Porque la sociedad aquí representada es una sociedad sin ley, donde la policía está corrompida y los que deben ejercer la política están más pendientes de montar conspiraciones, lo que lleva a pensar que en este mundo no tiene cabida la esperanza. De hecho la historia de España tuvo de todo menos esperanza con la dictadura de Primo de Rivera, la brutal guerra civil y la horrorosa dictadura de Franco. Quizás el único personaje que dota de cierta esperanza al conjunto es Aníbal. No por su moral o sus grandes principios, pero en su ambivalencia se ve un resquicio. Él ha sufrido las guerras en su propio cuerpo e intenta evitar mayores enfrentamientos.
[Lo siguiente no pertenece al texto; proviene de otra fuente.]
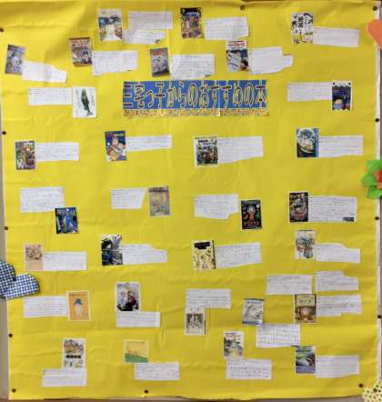 図書室前の掲示板には、色々な本が紹介されています。「三宅っ子からのおすすめの本」のコーナーもあります。図書室の中には先生方のおすすめの本の紹介もあります。これから、どんどん夜が長くなっていきます。外から帰ってから、図書室から借りてきたお気に入りの本をじっくりと読んでみましょう。

Es cierto que Sara es el ser puro con convicciones, pero en una sociedad tan lúgubre y corrupta solo un tipo de vuelta de todo puede dar la vuelta a la tortilla o por lo menos intentarlo.

Nota El Blog de Cine Español: 8

Laura Acosta

8 thoughts on “CRÍTICA “LA SOMBRA DE LA LEY”: UNA DE LAS MEJORES PELÍCULAS ESPAÑOLAS DEL AÑO 2018”

  1. Lo del “anarquismo no demasiado explotado”…
    Quizá “explotar” no es el verbo más idóneo.

    Ju ju ju.

  2. Pues sí lo que se viene leyendo por Twitter desde hace semanas pedazo de notaza!! Pero aún así ya comentaremos… A ver si hace la taquilla que merece!!

  3. Tal vez sea similar a la peli “El caso Savolta” que trata de la misma época y de la lucha entre la patronal y los anarquistas.Iré a verla.

  4. Época dura e interesant y, por lo que se lee en esta crítica, también interesante la cinta. Queda apuntada.